Python:如何使用请求库通过几个不同的代理服务器访问URL? [英] Python: How to use requests library to access a url through several different proxy servers?

查看:151
本文介绍了Python:如何使用请求库通过几个不同的代理服务器访问URL?的处理方法,对大家解决问题具有一定的参考价值,需要的朋友们下面随着小编来一起学习吧!

问题描述

正如标题中所述,我正在尝试依次通过几个不同的代理访问url(使用for循环).现在,这是我的代码:

import requests
import json
with open('proxies.txt') as proxies:
    for line in proxies:
        proxy=json.loads(line)
        with open('urls.txt') as urls:
        for line in urls:
            url=line.rstrip()
            data=requests.get(url, proxies={'http':line})
            data1=data.text
            print data1

和我的urls.txt文件:

http://api.exip.org/?call=ip

和我的proxies.txt文件:

{"https": "84.22.41.1:3128"}
{"http":"194.126.181.47:81"}
{"http":"218.108.170.170:82"}

我在[www.hidemyass.com] [1]上获得的

由于某种原因,输出为

68.6.34.253
68.6.34.253
68.6.34.253

好像它是通过我自己的路由器ip地址访问该网站一样.换句话说,它不是在尝试通过我提供的代理进行访问,它只是循环遍历并反复使用我自己的代理.我在做什么错了?

解决方案

这里有两个明显的问题:

data=requests.get(url, proxies={'http':line})
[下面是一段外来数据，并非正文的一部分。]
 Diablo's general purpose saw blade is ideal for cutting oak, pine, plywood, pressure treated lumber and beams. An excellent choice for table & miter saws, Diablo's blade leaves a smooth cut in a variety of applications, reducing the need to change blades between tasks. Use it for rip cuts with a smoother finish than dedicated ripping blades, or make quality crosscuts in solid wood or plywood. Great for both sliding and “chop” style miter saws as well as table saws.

首先,由于您在for line in proxies:内有一个for line in urls:,因此line将成为此处的当前 URL ,而不是当前的代理.而且,即使您不重用line,它也将是JSON字符串表示形式,而不是您从JSON解码的字典.
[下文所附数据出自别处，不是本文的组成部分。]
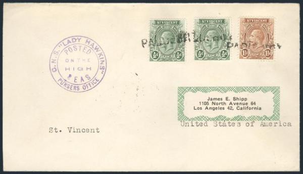 WEST INDIES "LADY HAWKINS" SHIP COVERS: Attractive collection of 8 covers & 1 postcard carried aboard Cdn Ntl Steamship C.N.S. LADY HAWKINS, from 1935-41. Have frankings from 10 diff West Indies Islands; plus Bermuda & Br. Guiana. Addr

然后,如果您将其修复为使用proxy,而不是{'https': '83.22.41.1:3128'}之类的东西,那么您将传递{'http': {'https': '83.22.41.1:3128'}}.显然这不是一个有效值.

要解决这两个问题,只需执行以下操作:

data=requests.get(url, proxies=proxy)


同时,当您拥有HTTPS URL但当前代理是HTTP代理时,会发生什么?您不会使用代理.因此,您可能想添加一些内容来跳过它们,例如:

if urlparse.urlparse(url).scheme not in proxy:
    continue

As it says in the title, I am trying to access a url through several different proxies sequentially (using for loop). Right now this is my code:

import requests
import json
with open('proxies.txt') as proxies:
    for line in proxies:
        proxy=json.loads(line)
        with open('urls.txt') as urls:
        for line in urls:
            url=line.rstrip()
            data=requests.get(url, proxies={'http':line})
            data1=data.text
            print data1

and my urls.txt file:

http://api.exip.org/?call=ip

and my proxies.txt file:

{"https": "84.22.41.1:3128"}
{"http":"194.126.181.47:81"}
{"http":"218.108.170.170:82"}

that I got at [www.hidemyass.com][1]

for some reason, the output is

68.6.34.253
68.6.34.253
68.6.34.253

as if it is accessing that website through my own router ip address. In other words, it is not trying to access through the proxies I give it, it is just looping through and using my own over and over again. What am I doing wrong?

解决方案

There are two obvious problems right here:

data=requests.get(url, proxies={'http':line})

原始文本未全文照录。